Pastor Adam Parker
My heart is very heavy. I’m referring, of course, to the shooting that took place at The Covenant School in Nashville, TN yesterday (March 27th). A 28 year old former student entered the school and fatally wounded three 9 year-olds, a custodian, a substitute, and the headmistress of the school before responding offers killed the attacker.
The church to which the school is connected is a PCA congregation. The current Senior pastor for the congregation was in a presbytery meeting at the time of the shooting with some friends of mine. Little did he know at the time that his own daughter was among the victims. She was nine years old. As a pastor myself with a nine year old attending a Christian school, it is hard not to empathize with the pain of this man, his family, and his church. One of my close pastoral friends formerly served at Covenant Presbyterian Church years ago and knows many of the families there. In fact, some families with children at The Covenant School attend my friend’s church. We may be all the way in Portland, but I feel as if I, and those I love were attacked today.

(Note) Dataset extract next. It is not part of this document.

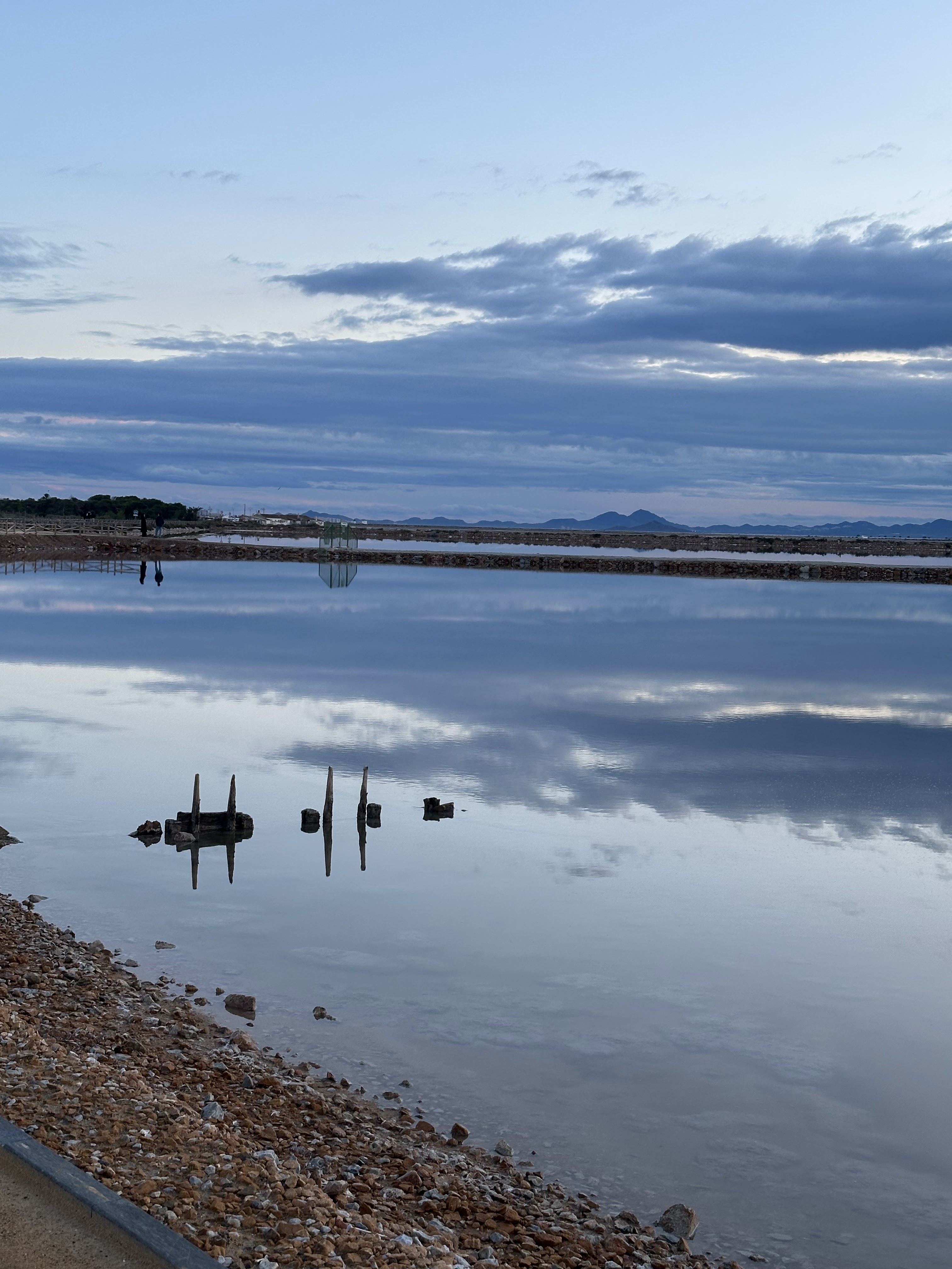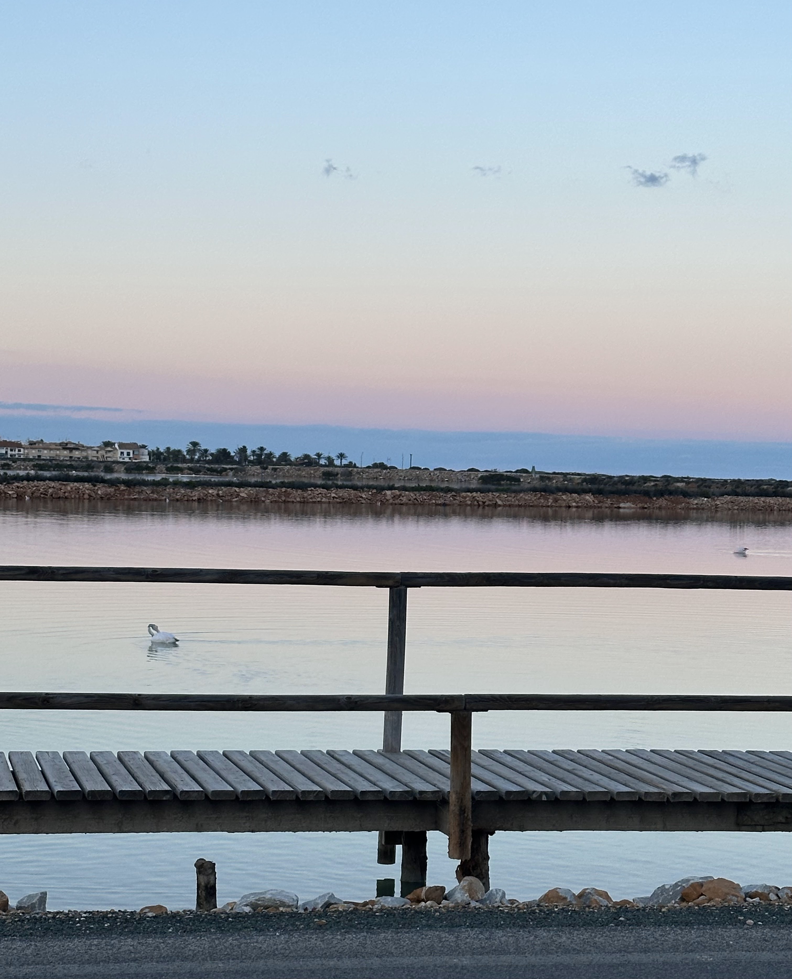 Atrevido de mi por el frío que hacía, pero eso sí abrigado hasta las «pestañas», bajé (está a 12 min andando/900 m.aprox.) a ver si pillaba una bonita puesta de sol en las Salinas de San Pedro. La mejor foto la habéis visto en la portada de este post.
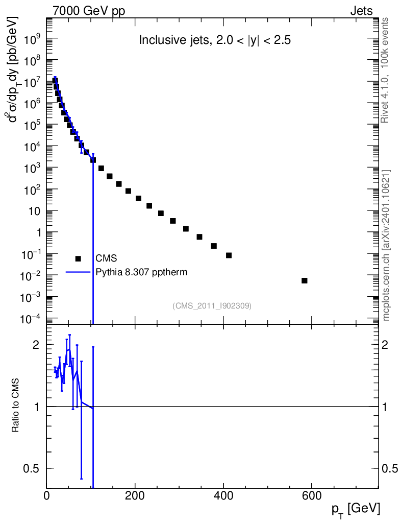 Lines: data, pythia8 8.307 pptherm |

What do we do with such horrible events? I confess, in part, I am tempted to cope by being angry: angry with the shooter. I am tempted to feel desperate: desperate to know what could possibly motivate her to take the lives us such little ones. I want explanations and narratives, and I want to know who to blame. In time, we will likely learn more about the shooter and what took place in her life to potentially motivate such drastic and horrible wickedness. But I have also discovered, after years of school shootings, that ultimately there is nothing we can learn about the shooter that would repair what happened or satisfy the emptiness that these lost children will leave behind. None of it can be undone.
No doubt, human scrutiny is coming. Scrutiny for the shooter’s parents is coming. Scrutiny for Covenant Presbyterian Church is probably coming. It seems likely that those looking for explanations will scrutinize the previous sermons preached at Covenant Church, looking for something that can explain these events. Some will scrutinize the shooter’s social media. Indeed some are making much of the shooter’s struggles with transgender identity. I would discourage any of us from adopting simplistic narratives about how a person falls into such deep and horrible darkness. It is too horrible to have a reasonable, tidy, or sensible explanation of these things; and besides, sin truly makes no sense, anyway. It made no sense when Adam and Eve did it; it makes no sense each time we do it; and it certainly does not make sense in this situation.
What do we do, then, in moments like this? We put our theology into action, but don’t give theological lectures. Now is not the time. We don’t jump to our political positions on this and read this heartbreak through the lens of public policy. Instead, we think of the human beings made in the image of God whose lives were shattered today. We think of the people – the adults and the little ones. We pray. We go to the Lord in prayer. In fact, even in my anger, I feel the impulse to pray for the shooter’s parents. They sent their daughter to this Christian school hopeful that the gospel would be taught, that the Christian worldview would be expounded. I have to think they sent her to that school in the hope that the gospel would be something she would grow to treasure.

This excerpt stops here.